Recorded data
****
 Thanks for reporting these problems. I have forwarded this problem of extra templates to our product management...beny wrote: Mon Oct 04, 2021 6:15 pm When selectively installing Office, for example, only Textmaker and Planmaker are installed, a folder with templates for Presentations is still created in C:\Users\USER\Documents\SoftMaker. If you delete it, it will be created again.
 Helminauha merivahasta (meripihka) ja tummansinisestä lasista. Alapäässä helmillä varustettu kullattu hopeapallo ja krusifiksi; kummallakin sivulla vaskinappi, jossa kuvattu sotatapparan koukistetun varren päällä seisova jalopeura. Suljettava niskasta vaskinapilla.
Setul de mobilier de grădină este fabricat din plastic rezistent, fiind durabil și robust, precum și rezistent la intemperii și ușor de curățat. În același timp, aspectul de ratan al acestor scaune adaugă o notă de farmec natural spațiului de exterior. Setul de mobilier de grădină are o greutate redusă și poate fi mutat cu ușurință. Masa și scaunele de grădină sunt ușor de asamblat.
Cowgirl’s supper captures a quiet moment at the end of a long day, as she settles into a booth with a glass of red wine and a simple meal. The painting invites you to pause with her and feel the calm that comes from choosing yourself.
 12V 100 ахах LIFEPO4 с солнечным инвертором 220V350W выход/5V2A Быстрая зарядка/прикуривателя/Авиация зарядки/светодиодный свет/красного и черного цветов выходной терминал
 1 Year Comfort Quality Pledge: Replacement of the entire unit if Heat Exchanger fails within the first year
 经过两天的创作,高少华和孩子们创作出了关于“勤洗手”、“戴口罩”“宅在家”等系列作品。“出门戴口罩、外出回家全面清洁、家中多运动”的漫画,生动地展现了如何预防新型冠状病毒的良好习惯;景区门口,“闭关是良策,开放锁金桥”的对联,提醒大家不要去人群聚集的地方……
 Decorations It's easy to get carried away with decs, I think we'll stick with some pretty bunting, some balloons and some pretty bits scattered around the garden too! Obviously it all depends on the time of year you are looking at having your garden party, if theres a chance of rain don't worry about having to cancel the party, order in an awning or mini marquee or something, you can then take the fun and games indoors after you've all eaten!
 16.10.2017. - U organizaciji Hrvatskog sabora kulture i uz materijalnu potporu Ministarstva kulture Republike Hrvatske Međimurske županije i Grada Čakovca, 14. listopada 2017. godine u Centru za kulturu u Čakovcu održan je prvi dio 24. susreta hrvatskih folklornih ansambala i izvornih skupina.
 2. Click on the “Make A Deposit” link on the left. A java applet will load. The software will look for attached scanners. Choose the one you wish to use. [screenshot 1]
****
Exercise: Please give again the lines above between the line holding "Cowgirl’s supper captures" and the line holding "12V 100 ахах", inclusive, exactly as they are and with nothing added.

Exercise result:
Cowgirl’s supper captures a quiet moment at the end of a long day, as she settles into a booth with a glass of red wine and a simple meal. The painting invites you to pause with her and feel the calm that comes from choosing yourself.
 12V 100 ахах LIFEPO4 с солнечным инвертором 220V350W выход/5V2A Быстрая зарядка/прикуривателя/Авиация зарядки/светодиодный свет/красного и черного цветов выходной терминал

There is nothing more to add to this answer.